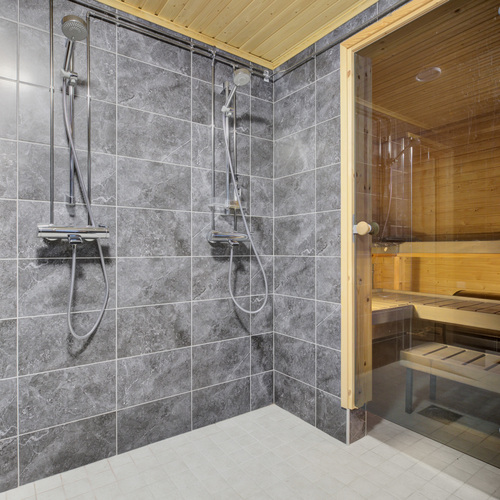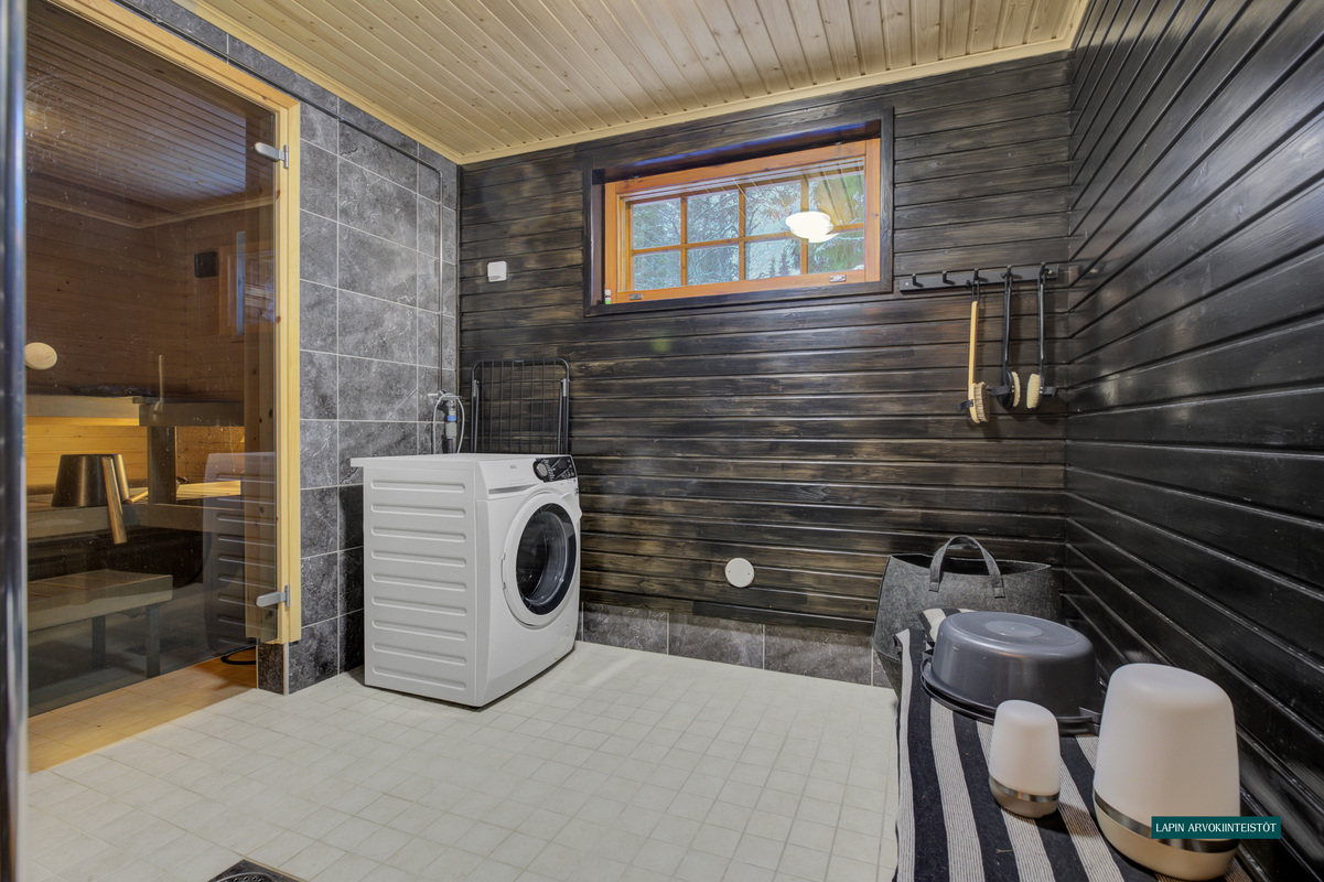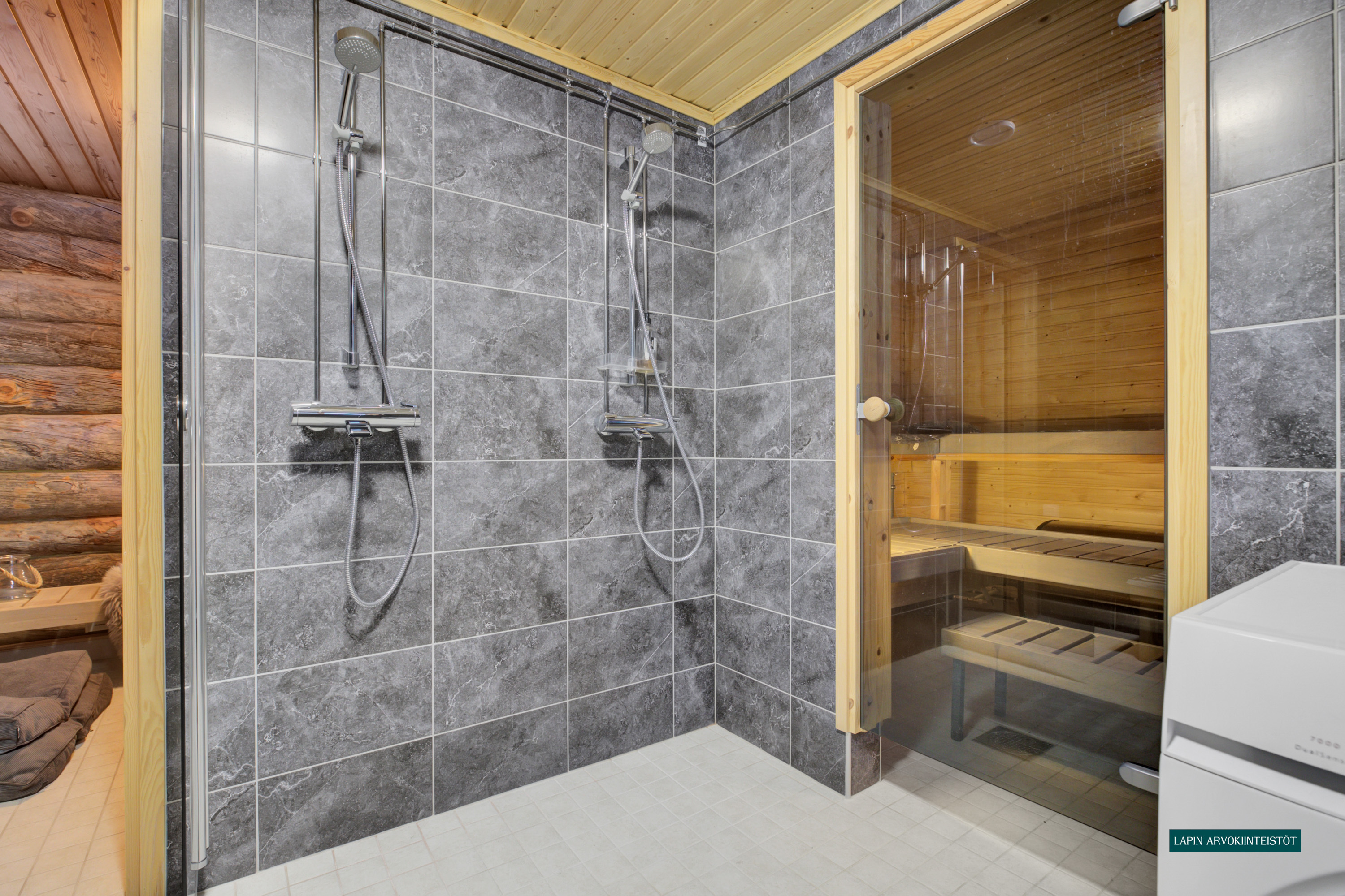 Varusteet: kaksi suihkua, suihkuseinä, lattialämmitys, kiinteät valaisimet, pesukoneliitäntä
-*-*-
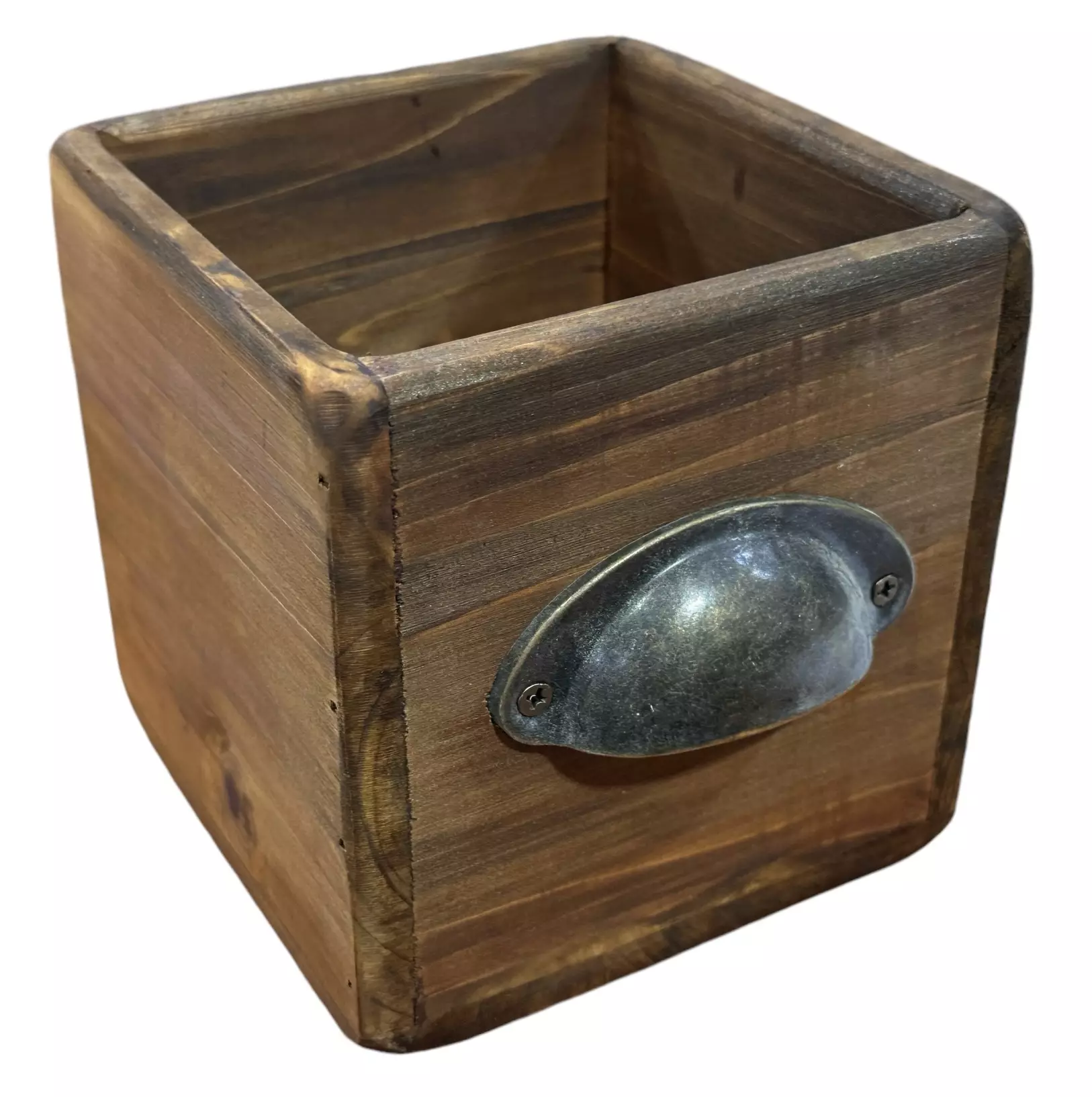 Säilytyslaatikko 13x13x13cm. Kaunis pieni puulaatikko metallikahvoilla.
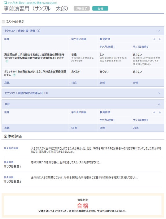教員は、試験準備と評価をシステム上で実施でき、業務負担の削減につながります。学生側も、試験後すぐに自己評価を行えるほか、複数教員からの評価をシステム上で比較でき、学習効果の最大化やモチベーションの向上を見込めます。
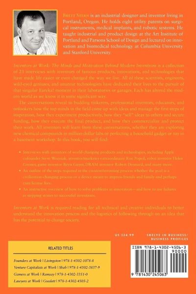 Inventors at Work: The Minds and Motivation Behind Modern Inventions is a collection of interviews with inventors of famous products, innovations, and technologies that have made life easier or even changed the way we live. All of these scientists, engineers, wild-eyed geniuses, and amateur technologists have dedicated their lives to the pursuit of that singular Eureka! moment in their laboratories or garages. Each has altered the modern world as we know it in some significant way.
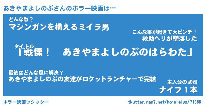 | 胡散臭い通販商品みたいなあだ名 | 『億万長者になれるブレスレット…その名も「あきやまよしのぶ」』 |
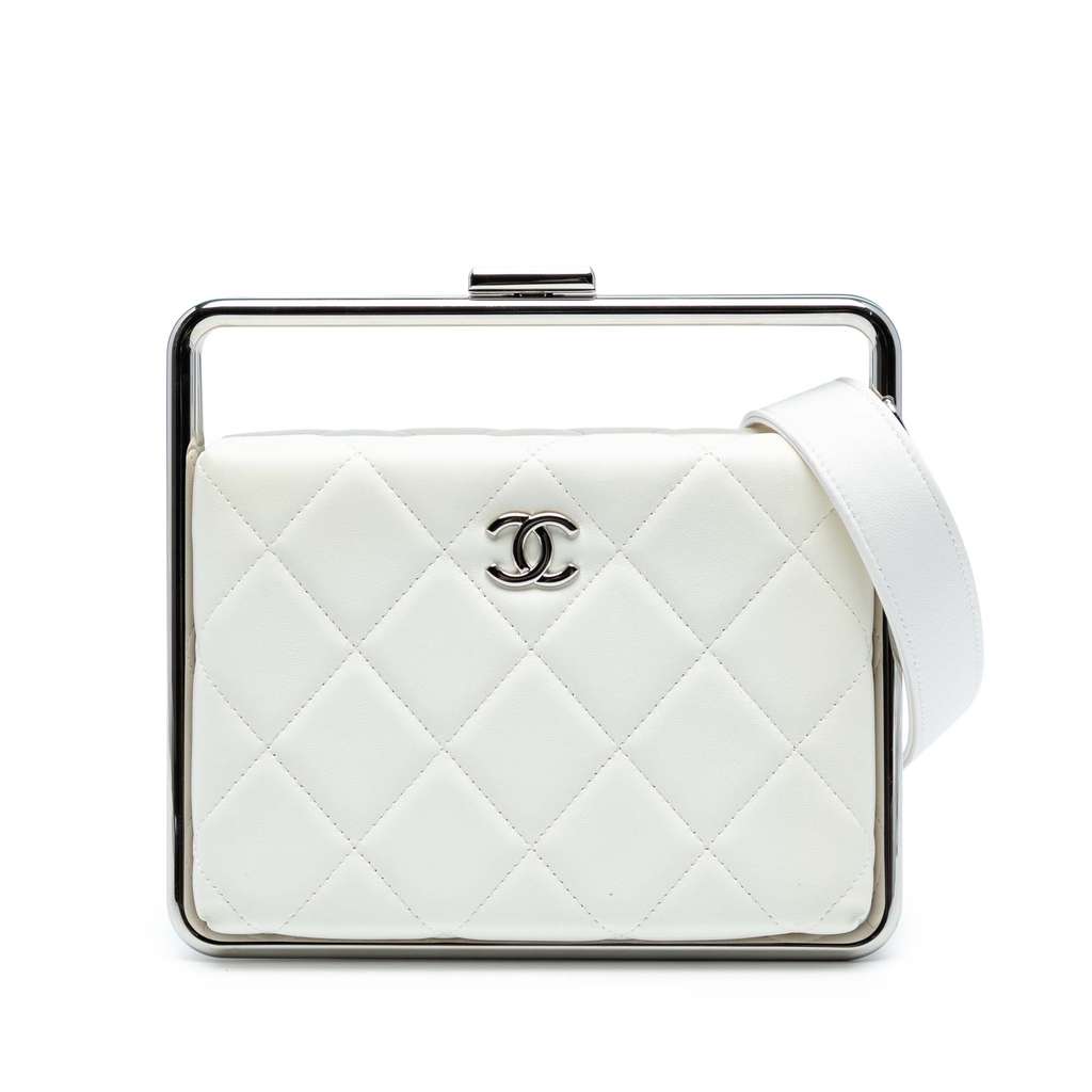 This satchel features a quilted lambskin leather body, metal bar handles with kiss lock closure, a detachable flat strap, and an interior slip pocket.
-*-*-
Above are some entries; copy exactly the lines from the line with "Inventors at Work: The" through the line with "This satchel features", both included, but none of the pictures.

▶ **Answer for this exercise**:
 Inventors at Work: The Minds and Motivation Behind Modern Inventions is a collection of interviews with inventors of famous products, innovations, and technologies that have made life easier or even changed the way we live. All of these scientists, engineers, wild-eyed geniuses, and amateur technologists have dedicated their lives to the pursuit of that singular Eureka! moment in their laboratories or garages. Each has altered the modern world as we know it in some significant way.
 | 胡散臭い通販商品みたいなあだ名 | 『億万長者になれるブレスレット…その名も「あきやまよしのぶ」』 |
 This satchel features a quilted lambskin leather body, metal bar handles with kiss lock closure, a detachable flat strap, and an interior slip pocket.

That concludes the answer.